Mark Padmore | Classical review

Wigmore Hall, London

Dowland and Beyond was the theme of tenor Mark Padmore's programme, featuring the Elizabethan/Jacobean lutenist and songwriter John Dowland, and those inspired by him. It suggested the continuity of a thread of introverted melancholy running through so much English music over the last 400 years.

For most of the concert Padmore was partnered by the lutenist and theorbo player Elizabeth Kenny, whose delicate playing of some of the quietest instruments ever heard in this venue took a few minutes to get used to. Once your ears had adjusted, her musicianship became strikingly apparent, whether in her intricately woven accompaniments, or in her colourful solo items – a trio of pieces by Hieronymus Kapsberger.

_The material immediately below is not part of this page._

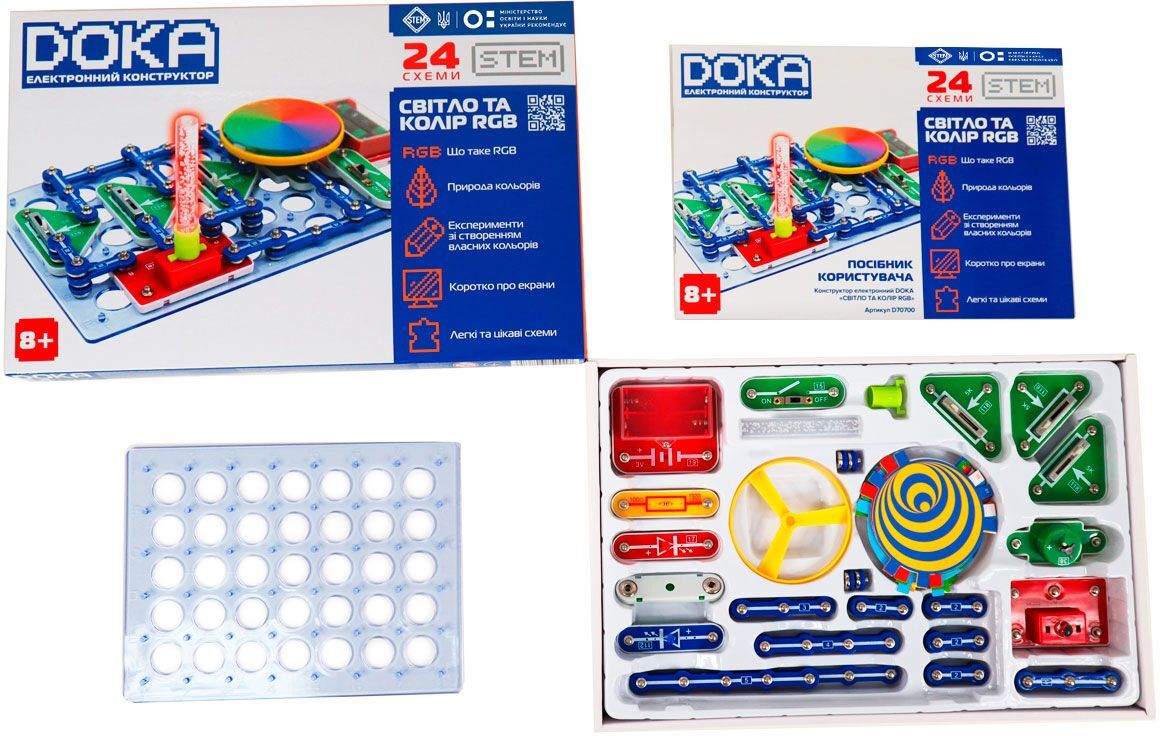 Конструктор електронний DOKA "СВІТЛО ТА КОЛІР RGB' безсумнівно сподобається юним дослідникам!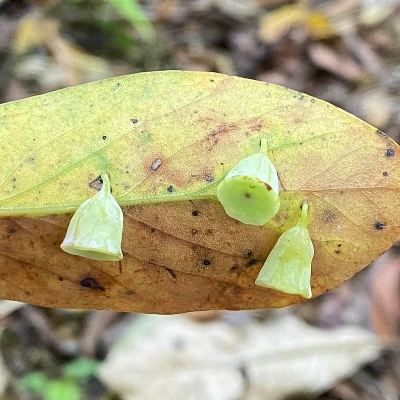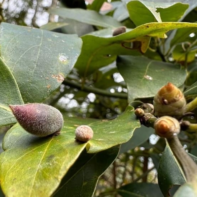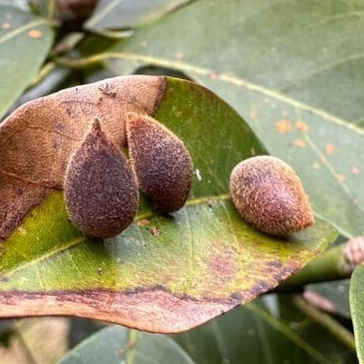 ![]() 上面照片:潘玉郎拍攝 上面植物:香楠 (疑似) 成因:雙翅目〉癭蚋科 〉壺癭喜楠癭蚋(Daphnephila urnicola) |

Lawrence Power's potent viola fleshed out Britten's Lachrymae, reflections on Dowland's song If My Complaints Could Passions Move, with an eloquence that never undermined the work's reticence. His accompanist, Andrew West, moved on to a shining account of Thomas Adès's 1992 Darknesse Visible, inspired by Dowland's In Darkness Let Me Dwell, its sparse distribution of notes at either end of the keyboard immaculately positioned.

But the bulk of the programme fell to Padmore and Kenny, intimately attuned to one another in their interpretations of songs by Dowland, his lesser-known colleague John Danyel and successor Henry Lawes, as well as some of their Italian contemporaries. Padmore's ability to meld words and notes into a single vocal gesture was outstanding, making of each item a small but sharply delineated act of interior revelation.